◆ **Data for the task**
• • • • •
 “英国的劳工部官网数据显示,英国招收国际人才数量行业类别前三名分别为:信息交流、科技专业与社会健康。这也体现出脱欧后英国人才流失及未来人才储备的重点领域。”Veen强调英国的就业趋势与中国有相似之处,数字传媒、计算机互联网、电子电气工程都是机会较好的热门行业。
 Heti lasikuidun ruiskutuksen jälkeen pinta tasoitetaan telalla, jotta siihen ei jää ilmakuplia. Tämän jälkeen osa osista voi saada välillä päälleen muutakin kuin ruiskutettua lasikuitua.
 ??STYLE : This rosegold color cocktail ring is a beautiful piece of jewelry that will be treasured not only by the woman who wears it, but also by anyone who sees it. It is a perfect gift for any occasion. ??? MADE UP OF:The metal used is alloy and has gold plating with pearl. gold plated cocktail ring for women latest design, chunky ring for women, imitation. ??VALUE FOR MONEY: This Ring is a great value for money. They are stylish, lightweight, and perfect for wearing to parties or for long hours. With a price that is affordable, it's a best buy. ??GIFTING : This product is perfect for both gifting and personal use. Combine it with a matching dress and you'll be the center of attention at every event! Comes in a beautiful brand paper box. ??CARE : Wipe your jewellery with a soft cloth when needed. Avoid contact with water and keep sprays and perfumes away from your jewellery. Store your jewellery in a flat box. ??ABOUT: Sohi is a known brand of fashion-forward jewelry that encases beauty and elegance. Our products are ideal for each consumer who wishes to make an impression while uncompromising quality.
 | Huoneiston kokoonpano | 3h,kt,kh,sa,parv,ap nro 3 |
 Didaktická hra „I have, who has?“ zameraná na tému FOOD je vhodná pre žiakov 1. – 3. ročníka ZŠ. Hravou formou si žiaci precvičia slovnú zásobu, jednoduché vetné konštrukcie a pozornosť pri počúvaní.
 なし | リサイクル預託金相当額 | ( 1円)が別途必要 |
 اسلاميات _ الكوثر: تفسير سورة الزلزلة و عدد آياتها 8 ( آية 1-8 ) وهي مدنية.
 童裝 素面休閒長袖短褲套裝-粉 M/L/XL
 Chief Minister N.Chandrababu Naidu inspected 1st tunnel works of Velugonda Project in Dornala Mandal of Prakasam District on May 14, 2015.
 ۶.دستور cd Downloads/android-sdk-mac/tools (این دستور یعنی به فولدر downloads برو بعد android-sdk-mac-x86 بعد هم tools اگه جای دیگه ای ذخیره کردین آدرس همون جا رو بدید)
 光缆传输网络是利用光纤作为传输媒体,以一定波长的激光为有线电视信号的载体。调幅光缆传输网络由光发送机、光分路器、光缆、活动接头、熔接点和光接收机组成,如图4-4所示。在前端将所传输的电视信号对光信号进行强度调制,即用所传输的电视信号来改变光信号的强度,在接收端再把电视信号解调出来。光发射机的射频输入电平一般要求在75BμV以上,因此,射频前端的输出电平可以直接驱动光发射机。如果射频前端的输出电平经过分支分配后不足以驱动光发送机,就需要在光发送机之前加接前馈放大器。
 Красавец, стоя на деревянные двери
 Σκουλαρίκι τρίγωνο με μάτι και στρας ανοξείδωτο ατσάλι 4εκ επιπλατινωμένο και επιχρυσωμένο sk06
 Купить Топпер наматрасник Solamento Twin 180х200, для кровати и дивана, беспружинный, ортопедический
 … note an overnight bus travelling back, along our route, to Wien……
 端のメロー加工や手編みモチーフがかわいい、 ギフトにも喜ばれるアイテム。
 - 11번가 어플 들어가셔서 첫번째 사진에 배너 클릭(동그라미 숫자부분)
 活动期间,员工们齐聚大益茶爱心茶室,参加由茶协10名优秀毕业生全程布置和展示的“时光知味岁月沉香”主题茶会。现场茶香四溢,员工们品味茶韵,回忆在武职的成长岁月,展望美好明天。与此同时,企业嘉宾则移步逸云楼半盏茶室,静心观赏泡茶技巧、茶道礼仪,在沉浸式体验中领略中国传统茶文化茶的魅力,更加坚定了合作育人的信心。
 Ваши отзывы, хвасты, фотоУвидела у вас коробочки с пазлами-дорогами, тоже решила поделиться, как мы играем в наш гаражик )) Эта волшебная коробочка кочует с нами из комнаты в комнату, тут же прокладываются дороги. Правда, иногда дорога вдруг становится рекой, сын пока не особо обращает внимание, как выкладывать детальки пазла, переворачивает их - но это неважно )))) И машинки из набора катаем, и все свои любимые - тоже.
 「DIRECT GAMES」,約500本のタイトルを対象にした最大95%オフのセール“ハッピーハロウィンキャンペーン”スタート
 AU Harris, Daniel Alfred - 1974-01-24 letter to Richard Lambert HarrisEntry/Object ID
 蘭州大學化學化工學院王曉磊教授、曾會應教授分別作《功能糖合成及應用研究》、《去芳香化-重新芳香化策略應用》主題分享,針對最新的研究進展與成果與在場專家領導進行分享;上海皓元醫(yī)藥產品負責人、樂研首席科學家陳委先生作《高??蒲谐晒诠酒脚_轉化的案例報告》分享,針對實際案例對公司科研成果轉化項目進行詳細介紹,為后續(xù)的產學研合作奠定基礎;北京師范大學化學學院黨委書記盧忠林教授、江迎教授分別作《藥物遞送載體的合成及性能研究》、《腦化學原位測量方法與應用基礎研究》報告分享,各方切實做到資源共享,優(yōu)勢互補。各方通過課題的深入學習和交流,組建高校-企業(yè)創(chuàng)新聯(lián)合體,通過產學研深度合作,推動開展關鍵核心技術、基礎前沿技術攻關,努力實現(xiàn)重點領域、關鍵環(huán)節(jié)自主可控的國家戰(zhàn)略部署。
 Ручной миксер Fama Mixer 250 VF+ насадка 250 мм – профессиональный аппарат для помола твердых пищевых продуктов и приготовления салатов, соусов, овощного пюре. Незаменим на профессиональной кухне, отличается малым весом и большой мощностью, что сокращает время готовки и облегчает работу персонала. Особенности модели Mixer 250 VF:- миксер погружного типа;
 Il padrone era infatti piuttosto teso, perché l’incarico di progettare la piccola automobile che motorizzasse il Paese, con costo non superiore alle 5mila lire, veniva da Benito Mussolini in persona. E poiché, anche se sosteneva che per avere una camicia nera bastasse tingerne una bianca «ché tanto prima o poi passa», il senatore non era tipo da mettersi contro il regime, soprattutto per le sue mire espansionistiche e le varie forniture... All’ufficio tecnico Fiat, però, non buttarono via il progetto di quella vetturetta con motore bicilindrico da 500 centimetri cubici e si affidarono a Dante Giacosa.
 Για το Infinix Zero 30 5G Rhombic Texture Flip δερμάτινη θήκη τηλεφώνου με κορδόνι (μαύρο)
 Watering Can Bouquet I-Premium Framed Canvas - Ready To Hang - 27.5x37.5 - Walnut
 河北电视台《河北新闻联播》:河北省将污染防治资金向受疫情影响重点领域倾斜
• • • • •
Repeat each record verbatim.

 “英国的劳工部官网数据显示,英国招收国际人才数量行业类别前三名分别为:信息交流、科技专业与社会健康。这也体现出脱欧后英国人才流失及未来人才储备的重点领域。”Veen强调英国的就业趋势与中国有相似之处,数字传媒、计算机互联网、电子电气工程都是机会较好的热门行业。
 Heti lasikuidun ruiskutuksen jälkeen pinta tasoitetaan telalla, jotta siihen ei jää ilmakuplia. Tämän jälkeen osa osista voi saada välillä päälleen muutakin kuin ruiskutettua lasikuitua.
 ??STYLE : This rosegold color cocktail ring is a beautiful piece of jewelry that will be treasured not only by the woman who wears it, but also by anyone who sees it. It is a perfect gift for any occasion. ??? MADE UP OF:The metal used is alloy and has gold plating with pearl. gold plated cocktail ring for women latest design, chunky ring for women, imitation. ??VALUE FOR MONEY: This Ring is a great value for money. They are stylish, lightweight, and perfect for wearing to parties or for long hours. With a price that is affordable, it's a best buy. ??GIFTING : This product is perfect for both gifting and personal use. Combine it with a matching dress and you'll be the center of attention at every event! Comes in a beautiful brand paper box. ??CARE : Wipe your jewellery with a soft cloth when needed. Avoid contact with water and keep sprays and perfumes away from your jewellery. Store your jewellery in a flat box. ??ABOUT: Sohi is a known brand of fashion-forward jewelry that encases beauty and elegance. Our products are ideal for each consumer who wishes to make an impression while uncompromising quality.
 | Huoneiston kokoonpano | 3h,kt,kh,sa,parv,ap nro 3 |
 Didaktická hra „I have, who has?“ zameraná na tému FOOD je vhodná pre žiakov 1. – 3. ročníka ZŠ. Hravou formou si žiaci precvičia slovnú zásobu, jednoduché vetné konštrukcie a pozornosť pri počúvaní.
 なし | リサイクル預託金相当額 | ( 1円)が別途必要 |
 اسلاميات _ الكوثر: تفسير سورة الزلزلة و عدد آياتها 8 ( آية 1-8 ) وهي مدنية.
 童裝 素面休閒長袖短褲套裝-粉 M/L/XL
 Chief Minister N.Chandrababu Naidu inspected 1st tunnel works of Velugonda Project in Dornala Mandal of Prakasam District on May 14, 2015.
 ۶.دستور cd Downloads/android-sdk-mac/tools (این دستور یعنی به فولدر downloads برو بعد android-sdk-mac-x86 بعد هم tools اگه جای دیگه ای ذخیره کردین آدرس همون جا رو بدید)
 光缆传输网络是利用光纤作为传输媒体,以一定波长的激光为有线电视信号的载体。调幅光缆传输网络由光发送机、光分路器、光缆、活动接头、熔接点和光接收机组成,如图4-4所示。在前端将所传输的电视信号对光信号进行强度调制,即用所传输的电视信号来改变光信号的强度,在接收端再把电视信号解调出来。光发射机的射频输入电平一般要求在75BμV以上,因此,射频前端的输出电平可以直接驱动光发射机。如果射频前端的输出电平经过分支分配后不足以驱动光发送机,就需要在光发送机之前加接前馈放大器。
 Красавец, стоя на деревянные двери
 Σκουλαρίκι τρίγωνο με μάτι και στρας ανοξείδωτο ατσάλι 4εκ επιπλατινωμένο και επιχρυσωμένο sk06
 Купить Топпер наматрасник Solamento Twin 180х200, для кровати и дивана, беспружинный, ортопедический
 … note an overnight bus travelling back, along our route, to Wien……
 端のメロー加工や手編みモチーフがかわいい、 ギフトにも喜ばれるアイテム。
 - 11번가 어플 들어가셔서 첫번째 사진에 배너 클릭(동그라미 숫자부분)
 活动期间,员工们齐聚大益茶爱心茶室,参加由茶协10名优秀毕业生全程布置和展示的“时光知味岁月沉香”主题茶会。现场茶香四溢,员工们品味茶韵,回忆在武职的成长岁月,展望美好明天。与此同时,企业嘉宾则移步逸云楼半盏茶室,静心观赏泡茶技巧、茶道礼仪,在沉浸式体验中领略中国传统茶文化茶的魅力,更加坚定了合作育人的信心。
 Ваши отзывы, хвасты, фотоУвидела у вас коробочки с пазлами-дорогами, тоже решила поделиться, как мы играем в наш гаражик )) Эта волшебная коробочка кочует с нами из комнаты в комнату, тут же прокладываются дороги. Правда, иногда дорога вдруг становится рекой, сын пока не особо обращает внимание, как выкладывать детальки пазла, переворачивает их - но это неважно )))) И машинки из набора катаем, и все свои любимые - тоже.
 「DIRECT GAMES」,約500本のタイトルを対象にした最大95%オフのセール“ハッピーハロウィンキャンペーン”スタート
 AU Harris, Daniel Alfred - 1974-01-24 letter to Richard Lambert HarrisEntry/Object ID
 蘭州大學化學化工學院王曉磊教授、曾會應教授分別作《功能糖合成及應用研究》、《去芳香化-重新芳香化策略應用》主題分享,針對最新的研究進展與成果與在場專家領導進行分享;上海皓元醫(yī)藥產品負責人、樂研首席科學家陳委先生作《高??蒲谐晒诠酒脚_轉化的案例報告》分享,針對實際案例對公司科研成果轉化項目進行詳細介紹,為后續(xù)的產學研合作奠定基礎;北京師范大學化學學院黨委書記盧忠林教授、江迎教授分別作《藥物遞送載體的合成及性能研究》、《腦化學原位測量方法與應用基礎研究》報告分享,各方切實做到資源共享,優(yōu)勢互補。各方通過課題的深入學習和交流,組建高校-企業(yè)創(chuàng)新聯(lián)合體,通過產學研深度合作,推動開展關鍵核心技術、基礎前沿技術攻關,努力實現(xiàn)重點領域、關鍵環(huán)節(jié)自主可控的國家戰(zhàn)略部署。
 Ручной миксер Fama Mixer 250 VF+ насадка 250 мм – профессиональный аппарат для помола твердых пищевых продуктов и приготовления салатов, соусов, овощного пюре. Незаменим на профессиональной кухне, отличается малым весом и большой мощностью, что сокращает время готовки и облегчает работу персонала. Особенности модели Mixer 250 VF:- миксер погружного типа;
 Il padrone era infatti piuttosto teso, perché l’incarico di progettare la piccola automobile che motorizzasse il Paese, con costo non superiore alle 5mila lire, veniva da Benito Mussolini in persona. E poiché, anche se sosteneva che per avere una camicia nera bastasse tingerne una bianca «ché tanto prima o poi passa», il senatore non era tipo da mettersi contro il regime, soprattutto per le sue mire espansionistiche e le varie forniture... All’ufficio tecnico Fiat, però, non buttarono via il progetto di quella vetturetta con motore bicilindrico da 500 centimetri cubici e si affidarono a Dante Giacosa.
 Για το Infinix Zero 30 5G Rhombic Texture Flip δερμάτινη θήκη τηλεφώνου με κορδόνι (μαύρο)
 Watering Can Bouquet I-Premium Framed Canvas - Ready To Hang - 27.5x37.5 - Walnut
 河北电视台《河北新闻联播》:河北省将污染防治资金向受疫情影响重点领域倾斜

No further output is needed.